Значит, порча сидит и во мне?
* * *
… Отчего я так устал? В голове кипело, будто там варился свинец и эти пары отравляли мое существование. Я встряхивал услышанное и очень боялся забыть. Мне мнились за исповедью Бурнашова какие-то особые путеводительные знаки на будущее. Я шел по весенней снежной каше, хлюпая башмаками и не разбирая дороги. Господи, как рассыпаны мы, как отдалились! – думалось назойливо. Словно на разных землях живем, посреди океана, а плавать разучились. Ведь я видел, как мучился Бурнашов, и ничем не мог пособить, он бы отверг все мои попытки. Ему плохо не только от того, что скончалась мать? Почему он так упорно отвергал меня? Словно бы не замечал присутствия, будто один лишь вид мой претил его тонкой натуре, вызывал рвоту; точно прокаженный явился вдруг не спросясь, и надобно было по чьей-то воле поцеловать его в изъязвленные мокрые губы; и, оттягивая этот момент, Бурнашов мучительно настраивал тревожно натянутую душу. А может, просто помнилось мне, почудилось? Я ж не соперник ему и ничего худого не совершил пока. Но, может, поклеп иль навет тому виною? Иль Космынин чего наплел?

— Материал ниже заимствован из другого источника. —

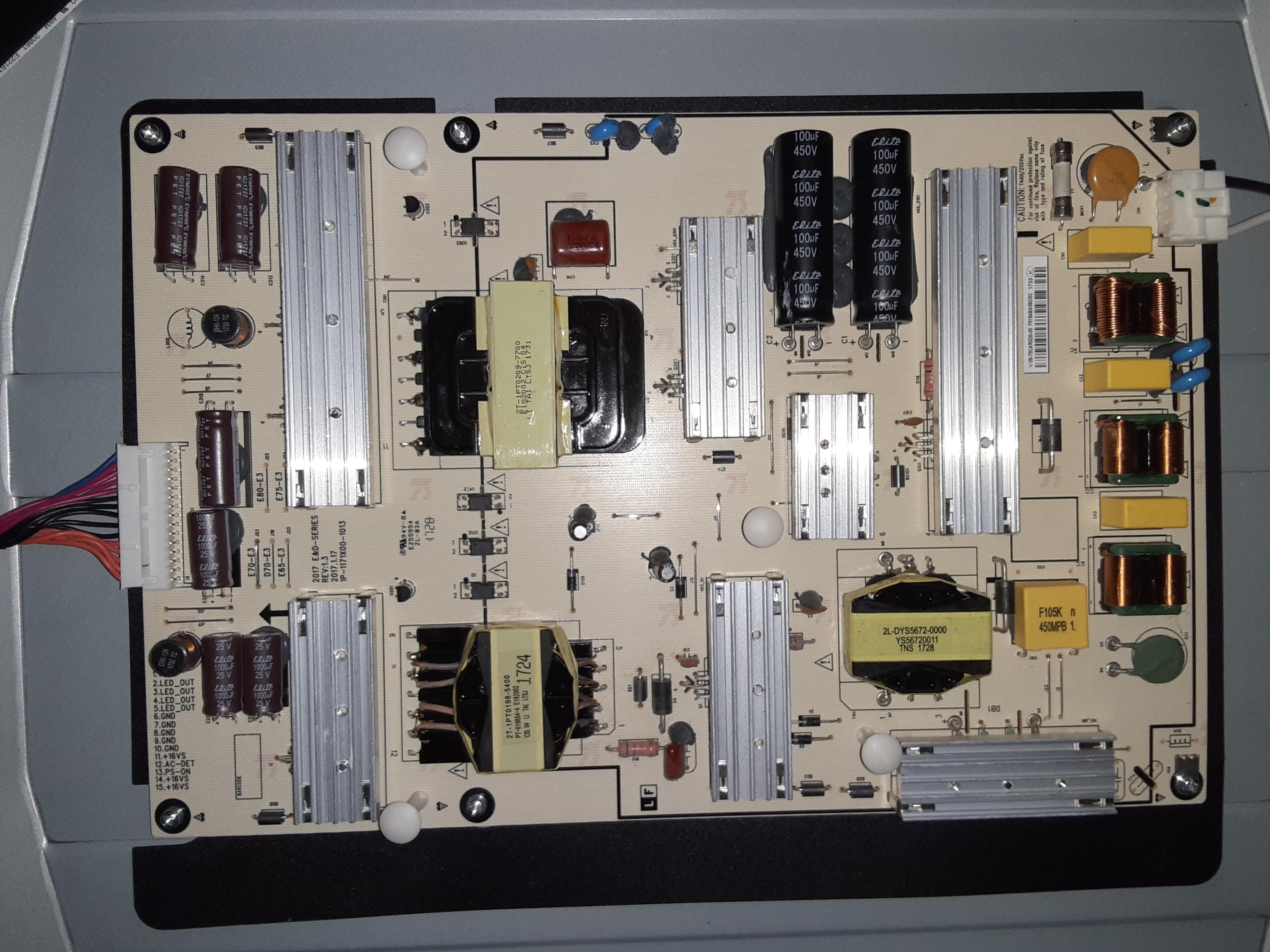On my Power Supply board, I have the correct standby voltage - 16V. But I have NO voltage going to the LED strips on this board and hence none on the mainboard. I tried disconnecting the main-board and remeasuring, but it made no difference in LED V.

«Ты обиделся? Он ведь в нас глубоко копнул, твой Бурнашов. Будто все про себя, все про себя, а что получилось…» – поддел я Космынина. Тот гулко бухал в кулак и, заворачивая на сторону бороду, растирал тонкую пупырчатую шею. «Он не мой и не твой. Он ничей. Он отцвел и никому не нужен. – Космынин сурово проткнул тростью снег, из скважинки брызнула прозрачная голубоватая водица. – Он мрак, и ничего от него не будет. Он просто дурак, самовлюбленный дурак и растлитель молоденьких женщин». Услышав приговор, я неожиданно рассмеялся, как шутовству, но Космынин был серьезен. И снова я удивился тому, что не разгневался на Космынина, не дал отпора, не заступился за Бурнашова. Его пинали, а мне отчего-то стало приятно слегка. Вернее, это было не чувство приятности, но далекое дыхание жестко придавленной зависти. Мохнатый зверь не помирал даже под властной пятою. Как бы пойманный с поличным, уличенный в дурном, я с брезгливостью возразил: «Мы-то, Космынин, навоз. Удобрим землю – и концы. Говоришь: из мрака он? Все из мрака, дорогой. И свет из мрака. Бурнашов долго будет». – «Может быть, старичок, может быть. Но сердце мое, но ум мой другого жаждет. – Космынин, наверное, уловил неприязнь в голосе, дружески приобнял меня за плечи, склонил набок голову. – Он слишком громко кричит проповеди свои. Он не умеет слушать. А все гениальное говорится тихим голосом». – «Тихо, на ухо говорятся только сплетни», – перебил я, не дослушав. И оттого, что защищал Бурнашова, горячился за другого человека, сердце мое пело и радовалось. «Ну ладно, ладно, бог с ним. Не будем же из-за него ссориться, верно?» Космынин посмотрел на меня в упор, приблизив лицо, но очки отсвечивали, и глаз я не разглядел. У Космынина было затхлое, какое-то старушечье дыхание. Я отворачивался, но приятель неотступно настигал, словно бы хотел внедрить в меня какой-то тайный умысел.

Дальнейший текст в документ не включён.